**Data:**
==*==
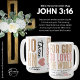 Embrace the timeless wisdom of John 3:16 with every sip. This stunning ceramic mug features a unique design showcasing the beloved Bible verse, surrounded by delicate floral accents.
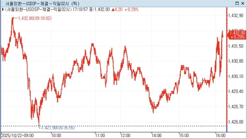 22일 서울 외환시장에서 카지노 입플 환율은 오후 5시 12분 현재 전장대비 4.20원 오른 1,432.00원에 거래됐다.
==*==
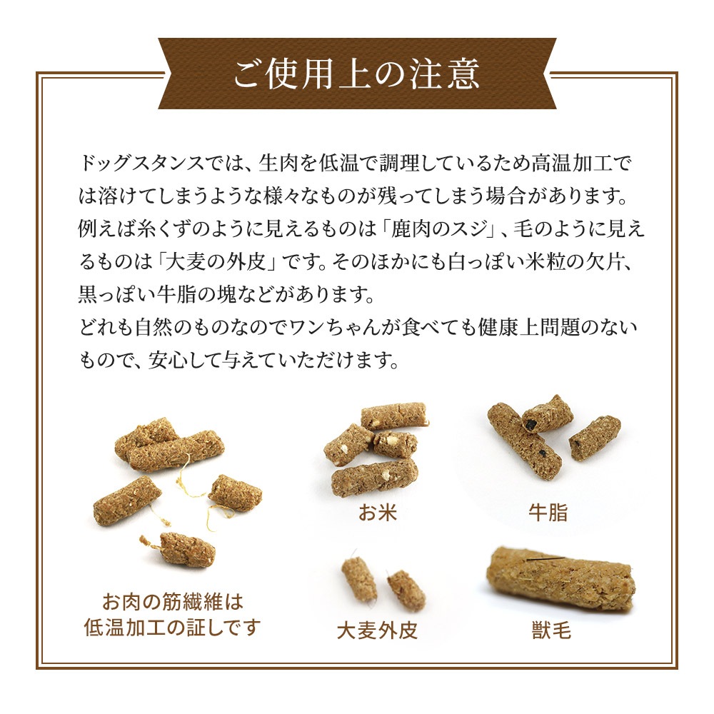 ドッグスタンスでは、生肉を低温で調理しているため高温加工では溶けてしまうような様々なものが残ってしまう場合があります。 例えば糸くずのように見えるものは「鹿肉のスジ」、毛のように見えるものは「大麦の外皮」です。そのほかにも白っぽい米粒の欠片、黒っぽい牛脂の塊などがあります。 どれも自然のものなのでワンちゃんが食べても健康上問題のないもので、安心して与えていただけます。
==*==
**Assignment:** Copy exactly the lines of the listing above between the one holding "Embrace the timeless" and the one holding "22일 서울 외환시장에서", inclusive; omit all pictures.

**Answer section:**
 Embrace the timeless wisdom of John 3:16 with every sip. This stunning ceramic mug features a unique design showcasing the beloved Bible verse, surrounded by delicate floral accents.
 22일 서울 외환시장에서 카지노 입플 환율은 오후 5시 12분 현재 전장대비 4.20원 오른 1,432.00원에 거래됐다.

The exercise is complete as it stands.